GKS : Ah oui ! À l’occasion de mon discours du 25 avril dernier lors de l’ouverture solennelle de la première session, j’ai dit que je ferai de la diplomatie parlementaire une priorité de notre Assemblée nationale. Je pense que l’Assemblée nationale de Côte d’Ivoire, vieille comme vous l’avez indiqué tout à l’heure, doit prendre toute sa place au cœur de la république ivoirienne. Donc, j’ai décidé effectivement, avec l’accord de mon bureau de faire une offensive diplomatique qui m’a emmené à Singapour. Mais j’ai été reçu, comme vous l’avez signifié, par mon collègue de l’Assemblée nationale française. La semaine prochaine, ce sera à Bruxelles où j’aurai l’opportunité, l’occasion de rencontrer plusieurs autres collègues, d’intégrer la francophonie. La Côte d’Ivoire, comme dirait les Anglais, is back.
‘’Africa 24’’ : C’est une nouvelle Côte d’Ivoire dont les Ivoiriens appellent de tous leurs vœux au risque, de votre côté, de marcher sur les plates-bandes du ministre des Affaires extérieures.
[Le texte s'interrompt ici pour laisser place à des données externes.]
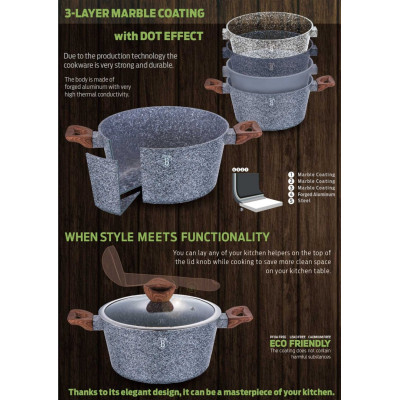 5 częściowy zestaw naczyń kuchennych firmy BERLINGER HAUS z kolekcji FOREST LINE. Garnek Ø24cm, garnek płaski Ø24cm i patelnia Ø24cm, szklana pokrywka pasująca do obu naczyń oraz pokrywka szczelna z elastycznego tworzywa pozwalająca zabezpieczyć przechowywaną potrawę.
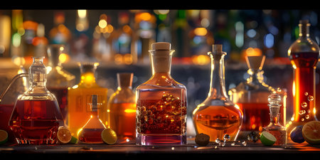 Different bitters and liqueurs on table in bar background - Ai Generated
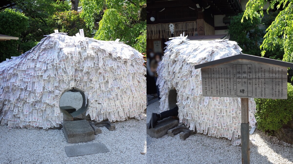 斷孽緣的方式就是在境內買一張祈願單,在祈願單上寫下願望後,拿著祈願單去鑽斷惡緣結良緣碑(縁切り縁結び碑)。鑽洞的時候要注意先從正面鑽到背面代表斷惡緣,之後一定要再從背面鑽回來正面才能結良緣喔~最後再把祈願單貼在碑上就大功告成!
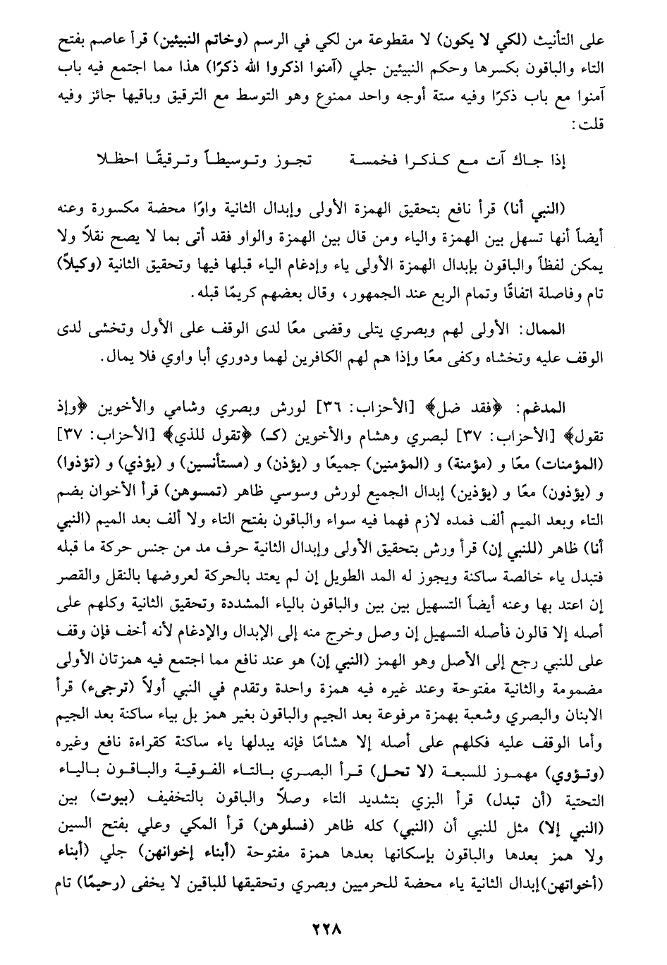 وأدلة هذا من أقوال الصحابة والتابعين وأئمة القراءة كثير تركناها خوف الإطالة، والله أسأل أن يعاملنا بفضله ولطفه آمين.
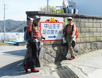 | 切目王子を出ると更にきつい登りになっています。すぐ先に「中山王子 足の宮さん」という道標があり、急な坂道を上りました。63番「切目・中山王子」神社です。神社の鳥居の前に宝筺印塔が二基あり室町時代のものだと記されていました。鳥居をくぐり境内に入ると神社の社殿がありました。この神社は足の宮とも呼ばれるそうです。 |

GKS : Ah non ! Pas du tout, pas du ministre des Affaires étrangères. L’Assemblée nationale développe ce qu’on appelle la diplomatie parlementaire. Quand je suis allé à Singapour, ce n’est pas le gouvernement singapourien que j’ai rencontré, c’est mon collègue de Singapour que j’ai rencontré. À Paris, c’est mon collègue de l’Assemblée nationale que j’ai rencontré. De toute façon, l’État de Côte d’Ivoire est un. Les énergies développées, que ce soit par le judiciaire, l’exécutif et par le législatif doivent concourir à améliorer l’image de marque de la Côte d’Ivoire.
‘’Africa 24’’ Quels sont les défis qui attendent l’Assemblée nationale ivoirienne dans les mois et années à venir ?
GKS : L’un des défis majeurs pour la reconstruction de la Côte d’Ivoire est la réconciliation nationale. Donc, l’Assemblée nationale, aux côtés de la Commission dialogue vérité et réconciliation (Cdvr) jouera son rôle. Nous aurons un travail de terrain. Nous allons aller dans les circonscriptions, dans les trente (30) régions de Côte d’Ivoire pour prêcher le pardon, la réconciliation. Je vous l’ai dit, nous serons des députés de terrain parce que pour moi, un bon député est celui qui est prêt de la population, c’est surtout un député qui est réélu.